Jennings was fast, he threw himself to the right and rolled. He only just made it. A ball bearing one half centimeter in diameter and made of obsidian emerged from the ground traveling at a speed of 4,000 kilometers per hour. It missed Jennings’ left foot by a fraction of a centimeter and hit a tree. It was going so fast that the men didn’t even see it but the machine did. When the obsidian ball bearing hit the tree in the center of its trunk the transferred momentum caused the tree to shatter. The viewscope calculated the trajectories of every tree fragment as a side issue to protect the men while it performed a three dimensional 360 degree scan of the whole area for a radius of ten kilometers. Its internal galvanometer caught the change in an underground relay seven kilometers away. It issued a command immediately. The command was issued verbally for the benefit of the humans and also over machine to machine high speed datalink.

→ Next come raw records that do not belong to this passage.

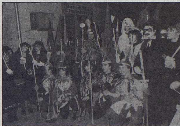
Rua del Carnaval de l'any 85

Granollers. Xocolatada i Ball de Donzelles. Organitza: Casino de Granollers. Migdia a les dotze. Casino de Granollers. Audició de Sardanes amb la cobla Costa Daurada. Organitza: Agrupa-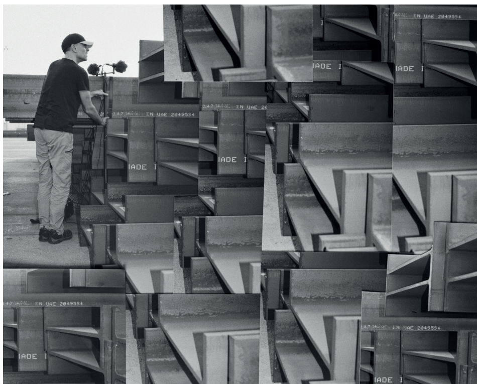
Alexandre Guiringer, Waters' Witness collage, 2022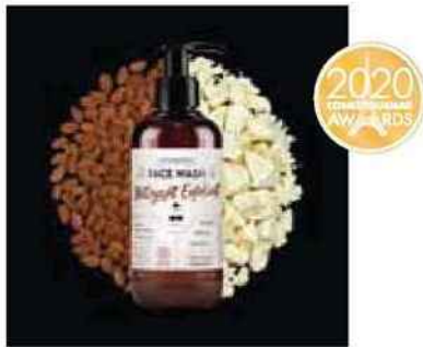
MÉDAILLE D'OR Monsieur Barbier pour la Face Wash Nettoyant Exfoliant (indies)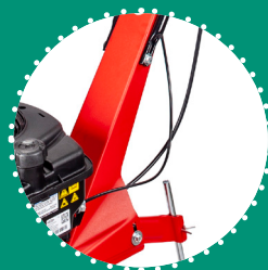
GUIDON réglable verticalement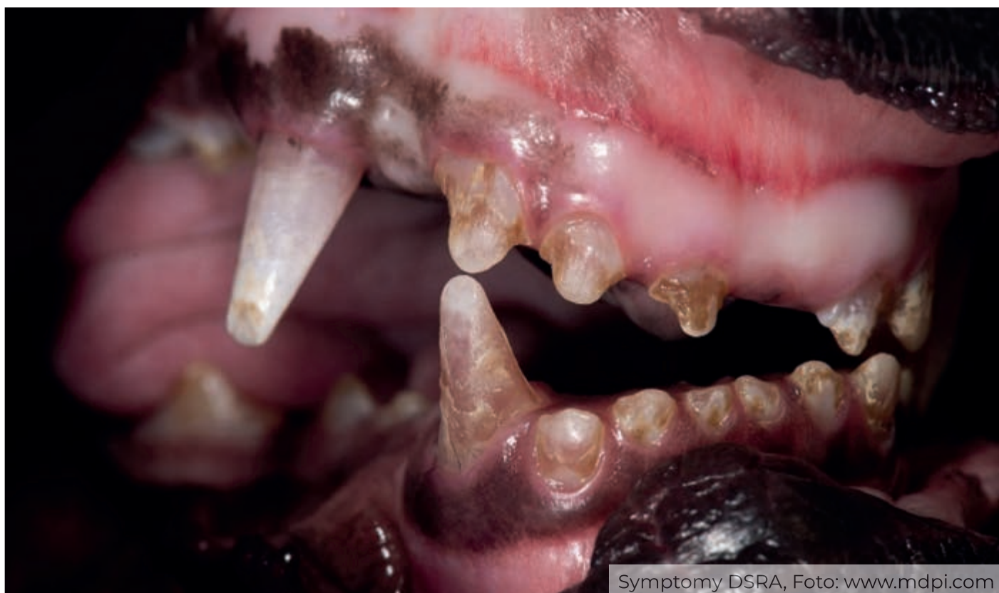
Symptomy DSRA

By the time Shane Jennings lifted his weapon all the targets were already loaded into his gun. The recoilless gun began to fire at a rate of ten rounds per second and seven kilometers away the hillside began to blow apart. Trees and tree parts exploded into the air and once the rounds had penetrated to a depth of twenty meters the remains of reinforced concrete walls and the two humans inside them began to fly into the air. As soon as it had counted enough bone fragments to make up two human skulls the viewscope switched Shane Jennings’ weapon to idle mode.
Eoin Dempsey looked at the mess made of the hillside seven kilometers away and thanked God that Dublin had aligned itself with New Delhi and not with London. He took a deep breath. Analysis,
he said in Gaelic.
The machine replied immediately in Hindi. Two humans detected and destroyed. Two heartbeats detected once concrete shell pierced. Analysis of bone fragments reconstructs two skulls. Conclusion is that both humans are dead.